* _Task directions_
An exact copy, beginning at the line containing "Перчатки унисекс из" and ending at the final line of the records that follow, is the answer; it has no pictures and no other text.

* _Material for this task_
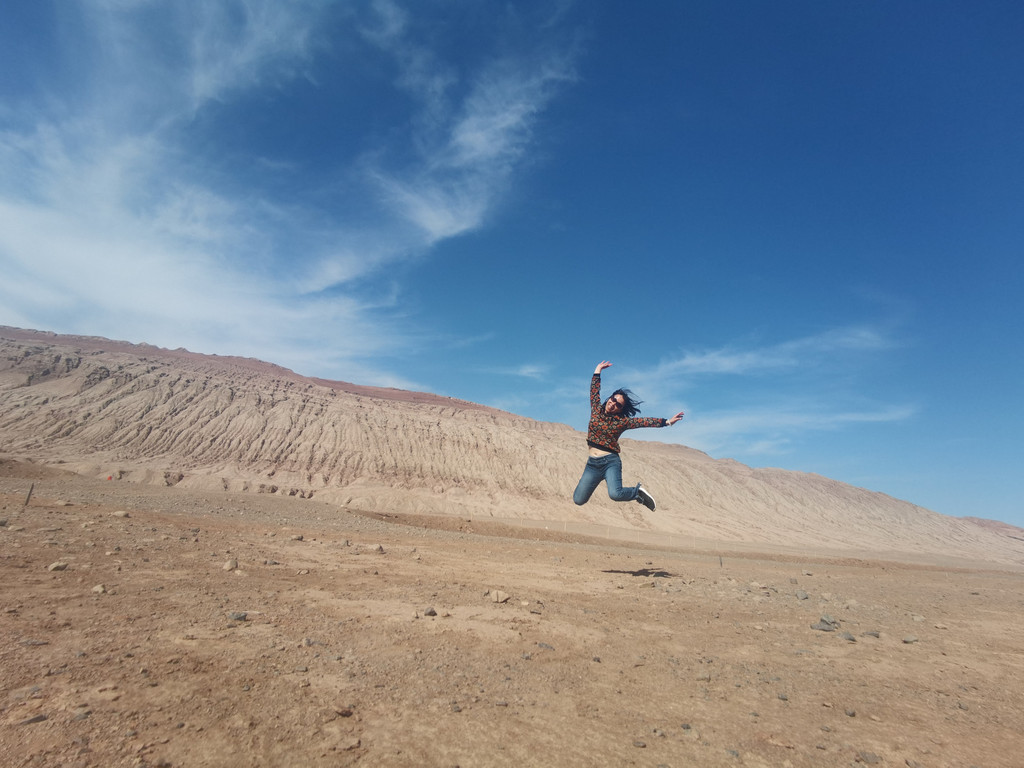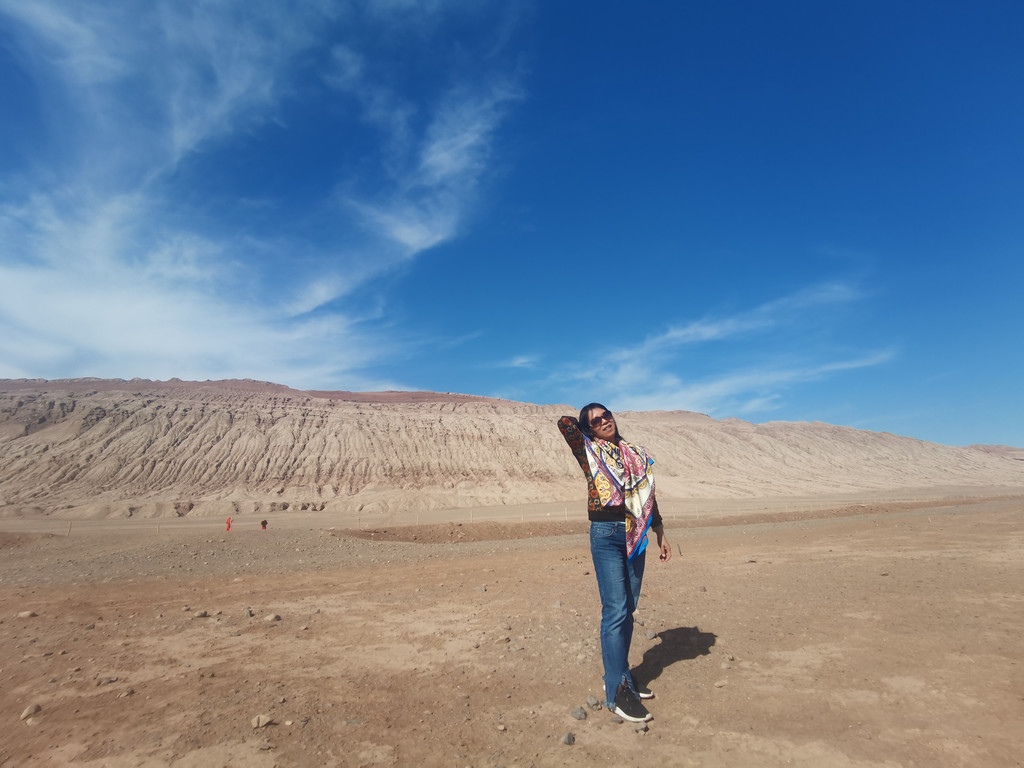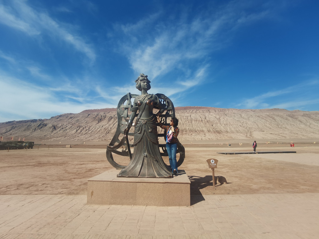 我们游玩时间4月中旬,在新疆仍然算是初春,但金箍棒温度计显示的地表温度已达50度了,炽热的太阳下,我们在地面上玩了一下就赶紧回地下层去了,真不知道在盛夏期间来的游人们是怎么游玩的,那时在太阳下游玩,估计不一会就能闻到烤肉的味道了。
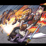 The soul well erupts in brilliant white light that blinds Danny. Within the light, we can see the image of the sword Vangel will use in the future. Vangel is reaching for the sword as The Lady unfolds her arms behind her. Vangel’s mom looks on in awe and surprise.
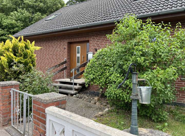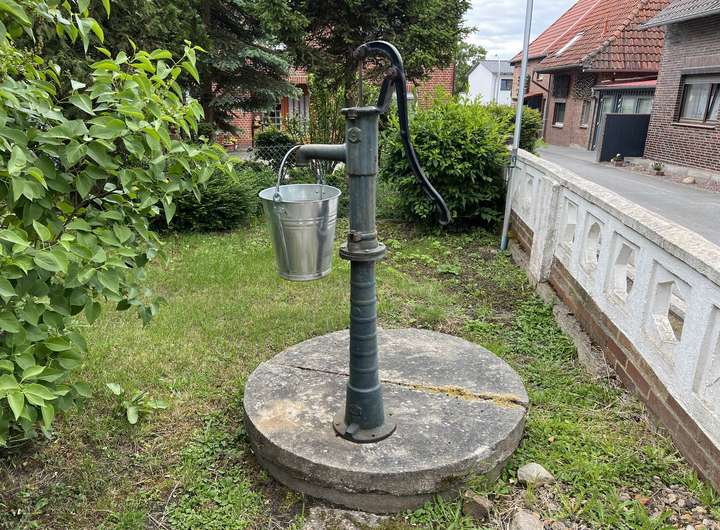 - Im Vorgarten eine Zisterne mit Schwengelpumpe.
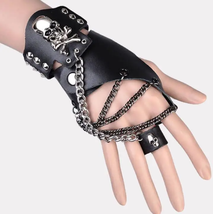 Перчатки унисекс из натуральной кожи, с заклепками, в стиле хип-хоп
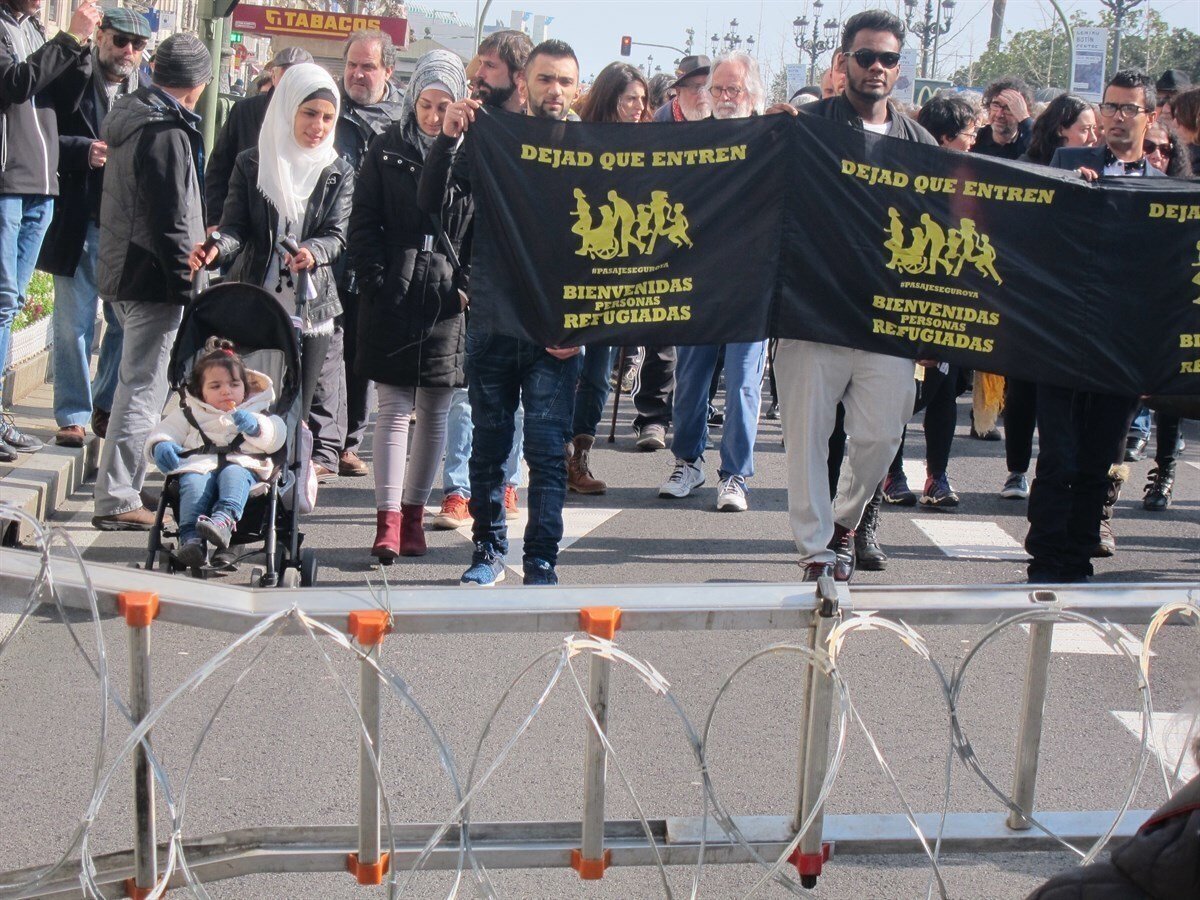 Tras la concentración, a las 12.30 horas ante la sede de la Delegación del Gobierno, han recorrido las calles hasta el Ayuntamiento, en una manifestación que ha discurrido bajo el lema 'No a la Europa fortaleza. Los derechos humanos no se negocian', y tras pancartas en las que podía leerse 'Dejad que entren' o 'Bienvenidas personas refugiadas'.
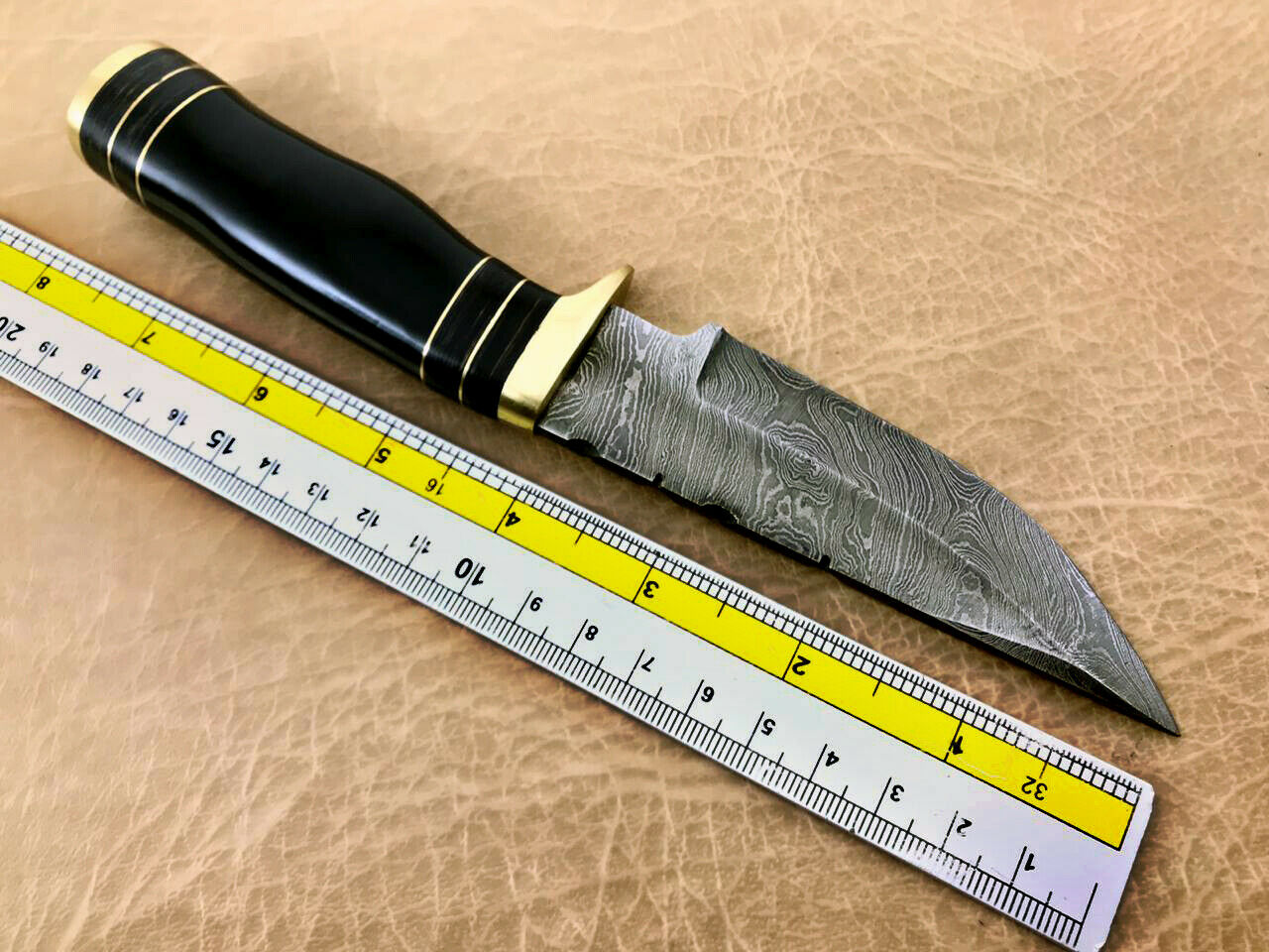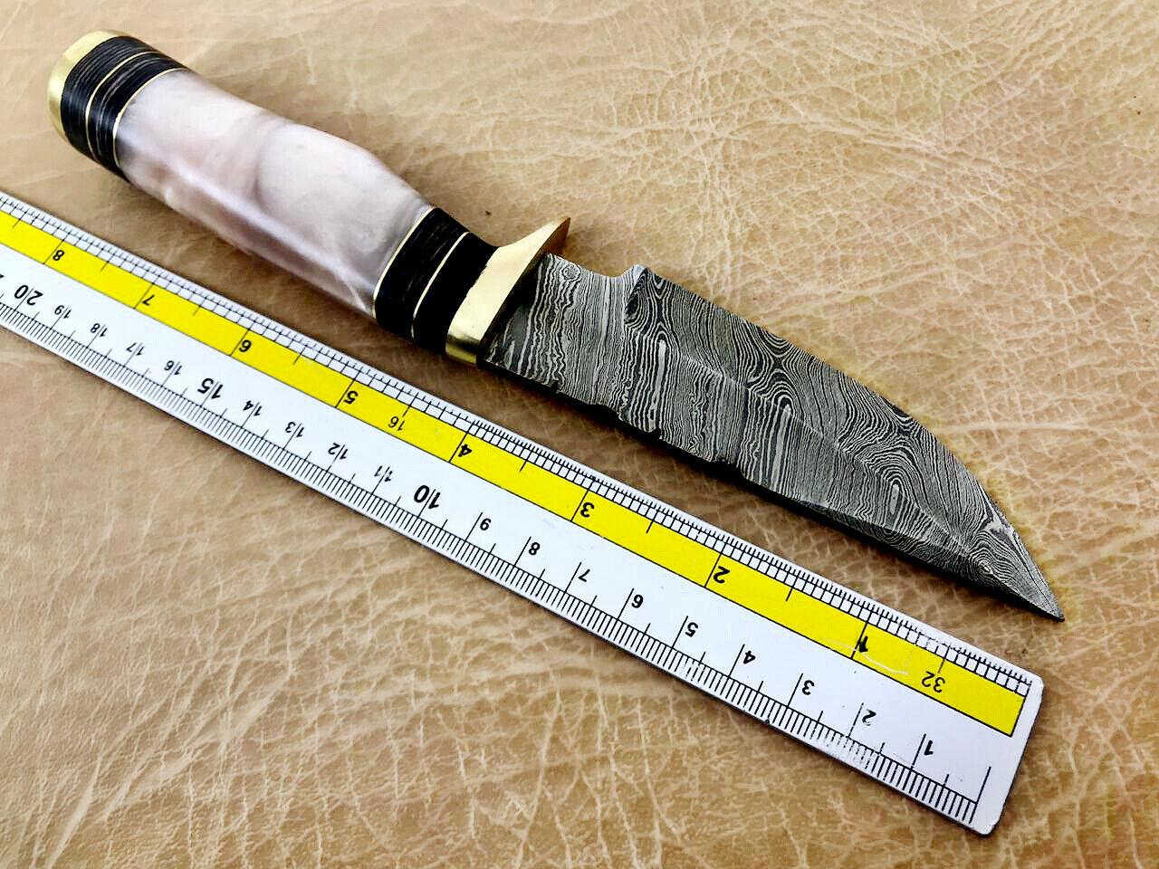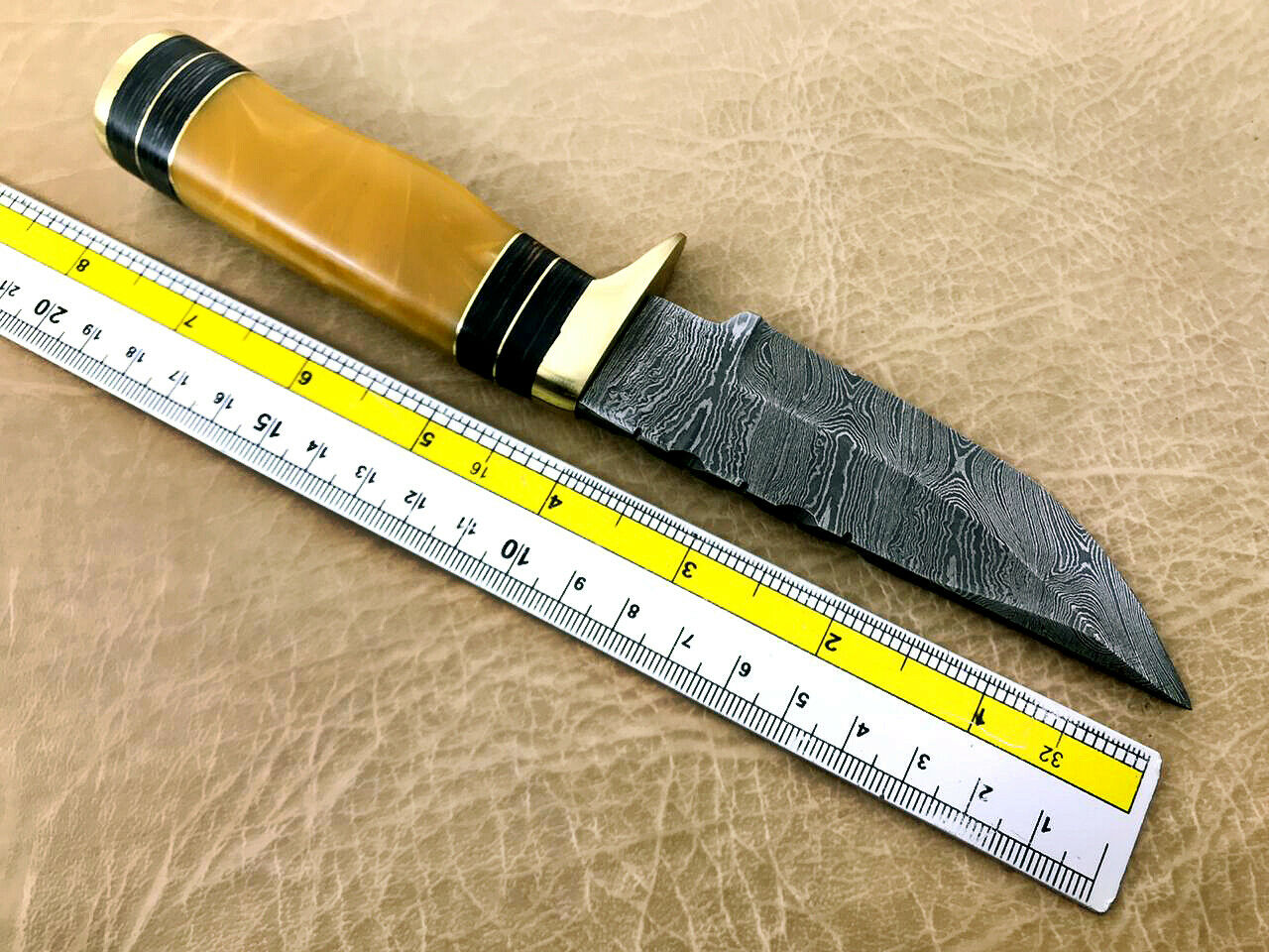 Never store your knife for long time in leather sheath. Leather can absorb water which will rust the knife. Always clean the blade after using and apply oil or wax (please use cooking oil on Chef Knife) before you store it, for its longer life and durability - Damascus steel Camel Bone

* _Answer to this exercise_
 Перчатки унисекс из натуральной кожи, с заклепками, в стиле хип-хоп
 Tras la concentración, a las 12.30 horas ante la sede de la Delegación del Gobierno, han recorrido las calles hasta el Ayuntamiento, en una manifestación que ha discurrido bajo el lema 'No a la Europa fortaleza. Los derechos humanos no se negocian', y tras pancartas en las que podía leerse 'Dejad que entren' o 'Bienvenidas personas refugiadas'.
 Never store your knife for long time in leather sheath. Leather can absorb water which will rust the knife. Always clean the blade after using and apply oil or wax (please use cooking oil on Chef Knife) before you store it, for its longer life and durability - Damascus steel Camel Bone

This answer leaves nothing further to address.